-------- RECORD EXTRACTS --------

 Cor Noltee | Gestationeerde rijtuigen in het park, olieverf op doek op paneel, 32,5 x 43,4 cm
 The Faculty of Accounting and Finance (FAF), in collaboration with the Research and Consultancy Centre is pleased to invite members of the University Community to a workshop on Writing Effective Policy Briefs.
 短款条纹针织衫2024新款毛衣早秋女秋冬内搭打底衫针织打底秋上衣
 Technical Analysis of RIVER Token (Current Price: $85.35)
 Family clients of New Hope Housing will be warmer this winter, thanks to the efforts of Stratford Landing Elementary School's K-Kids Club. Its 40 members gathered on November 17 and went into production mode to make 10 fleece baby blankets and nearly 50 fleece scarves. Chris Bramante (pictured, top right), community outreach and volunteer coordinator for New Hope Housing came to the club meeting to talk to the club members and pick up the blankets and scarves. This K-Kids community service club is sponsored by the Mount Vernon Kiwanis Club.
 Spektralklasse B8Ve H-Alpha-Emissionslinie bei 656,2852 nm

--------
-------- RECORD EXTRACTS --------

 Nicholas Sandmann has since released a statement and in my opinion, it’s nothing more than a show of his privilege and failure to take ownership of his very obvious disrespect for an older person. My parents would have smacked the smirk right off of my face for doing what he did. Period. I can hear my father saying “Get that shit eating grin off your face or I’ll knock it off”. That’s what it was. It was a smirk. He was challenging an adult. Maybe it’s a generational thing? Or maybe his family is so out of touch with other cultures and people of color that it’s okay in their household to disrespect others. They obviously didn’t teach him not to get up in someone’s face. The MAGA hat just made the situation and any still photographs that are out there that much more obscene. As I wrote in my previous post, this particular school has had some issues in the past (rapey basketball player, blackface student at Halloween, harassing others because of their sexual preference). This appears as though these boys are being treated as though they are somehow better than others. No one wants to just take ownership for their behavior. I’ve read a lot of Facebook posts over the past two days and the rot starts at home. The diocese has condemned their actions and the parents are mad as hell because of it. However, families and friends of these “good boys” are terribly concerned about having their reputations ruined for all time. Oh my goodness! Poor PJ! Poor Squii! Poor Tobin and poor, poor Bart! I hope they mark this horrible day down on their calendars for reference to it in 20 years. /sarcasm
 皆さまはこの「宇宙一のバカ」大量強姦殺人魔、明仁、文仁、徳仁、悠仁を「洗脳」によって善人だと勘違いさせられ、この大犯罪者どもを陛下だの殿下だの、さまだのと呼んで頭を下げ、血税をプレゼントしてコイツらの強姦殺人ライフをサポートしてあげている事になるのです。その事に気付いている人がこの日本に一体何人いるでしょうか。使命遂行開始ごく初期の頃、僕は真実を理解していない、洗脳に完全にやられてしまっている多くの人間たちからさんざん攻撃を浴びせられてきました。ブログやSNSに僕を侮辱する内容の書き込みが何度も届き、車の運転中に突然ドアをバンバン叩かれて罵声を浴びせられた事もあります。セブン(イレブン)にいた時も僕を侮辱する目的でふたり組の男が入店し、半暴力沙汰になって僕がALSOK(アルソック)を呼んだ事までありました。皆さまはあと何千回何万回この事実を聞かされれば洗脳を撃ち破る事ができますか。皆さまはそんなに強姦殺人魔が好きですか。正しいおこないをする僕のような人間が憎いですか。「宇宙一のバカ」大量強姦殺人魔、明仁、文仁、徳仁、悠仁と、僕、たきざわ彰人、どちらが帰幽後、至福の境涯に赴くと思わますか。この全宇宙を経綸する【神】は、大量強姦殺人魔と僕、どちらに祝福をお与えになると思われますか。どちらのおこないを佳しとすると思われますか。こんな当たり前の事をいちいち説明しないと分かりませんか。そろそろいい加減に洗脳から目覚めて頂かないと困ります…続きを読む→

--------

* TASK DETAILS *
Of the lines above, show those in which "members" appears.

* RESPONSE TO THE EXERCISE *
 The Faculty of Accounting and Finance (FAF), in collaboration with the Research and Consultancy Centre is pleased to invite members of the University Community to a workshop on Writing Effective Policy Briefs.
 Family clients of New Hope Housing will be warmer this winter, thanks to the efforts of Stratford Landing Elementary School's K-Kids Club. Its 40 members gathered on November 17 and went into production mode to make 10 fleece baby blankets and nearly 50 fleece scarves. Chris Bramante (pictured, top right), community outreach and volunteer coordinator for New Hope Housing came to the club meeting to talk to the club members and pick up the blankets and scarves. This K-Kids community service club is sponsored by the Mount Vernon Kiwanis Club.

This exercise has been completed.